Extracted information:
=== Begin Enclosure ===

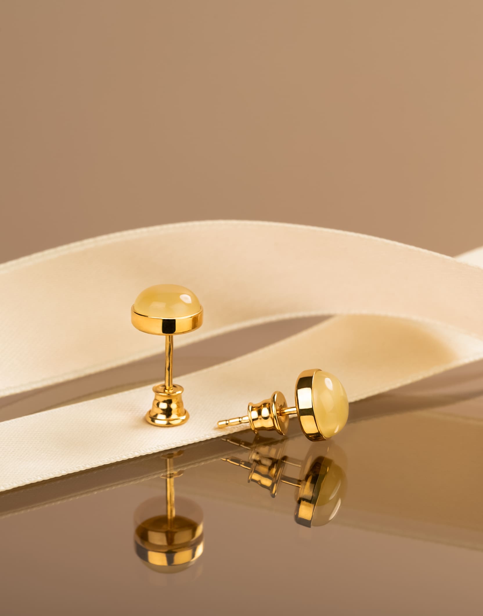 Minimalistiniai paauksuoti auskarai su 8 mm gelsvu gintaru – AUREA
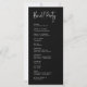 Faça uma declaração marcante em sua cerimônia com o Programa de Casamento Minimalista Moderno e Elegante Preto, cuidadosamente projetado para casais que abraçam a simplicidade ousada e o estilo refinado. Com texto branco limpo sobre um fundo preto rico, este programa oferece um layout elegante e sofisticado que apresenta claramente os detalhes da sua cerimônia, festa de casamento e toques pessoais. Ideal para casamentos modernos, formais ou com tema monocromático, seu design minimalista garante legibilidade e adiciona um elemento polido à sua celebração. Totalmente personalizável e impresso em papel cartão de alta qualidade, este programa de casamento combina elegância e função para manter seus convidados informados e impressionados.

=== End Enclosure ===
=== Begin Enclosure ===

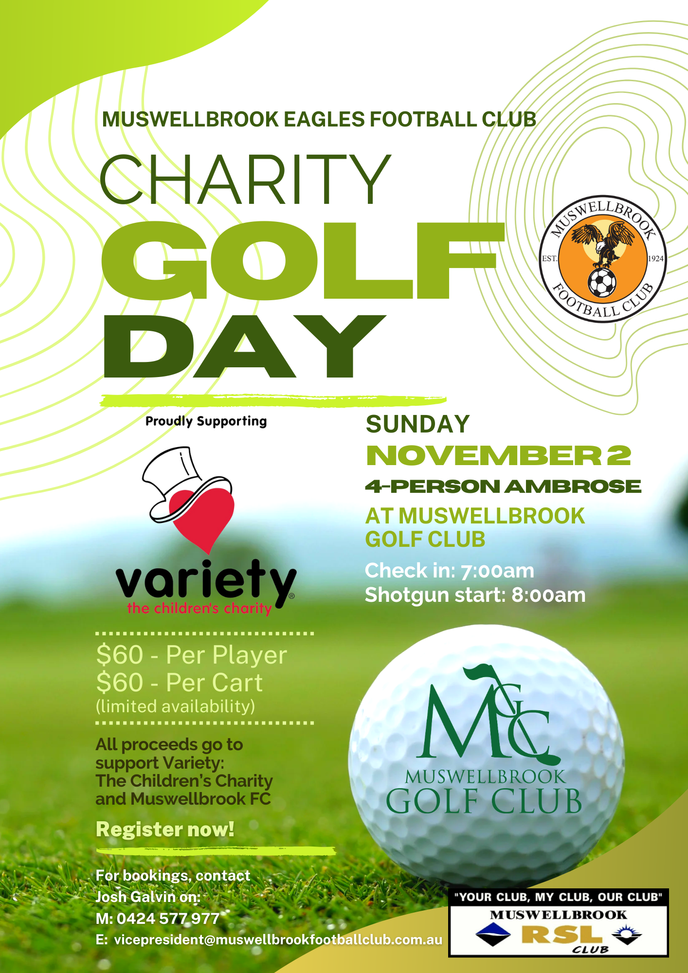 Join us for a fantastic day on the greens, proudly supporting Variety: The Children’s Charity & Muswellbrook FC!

=== End Enclosure ===

The task: All that should appear in the answer is the lines above from the line with "Minimalistiniai paauksuoti auskarai" through the line with "Faça uma declaração", retyped exactly, pictures left out.

Answer box:
 Minimalistiniai paauksuoti auskarai su 8 mm gelsvu gintaru – AUREA
 Faça uma declaração marcante em sua cerimônia com o Programa de Casamento Minimalista Moderno e Elegante Preto, cuidadosamente projetado para casais que abraçam a simplicidade ousada e o estilo refinado. Com texto branco limpo sobre um fundo preto rico, este programa oferece um layout elegante e sofisticado que apresenta claramente os detalhes da sua cerimônia, festa de casamento e toques pessoais. Ideal para casamentos modernos, formais ou com tema monocromático, seu design minimalista garante legibilidade e adiciona um elemento polido à sua celebração. Totalmente personalizável e impresso em papel cartão de alta qualidade, este programa de casamento combina elegância e função para manter seus convidados informados e impressionados.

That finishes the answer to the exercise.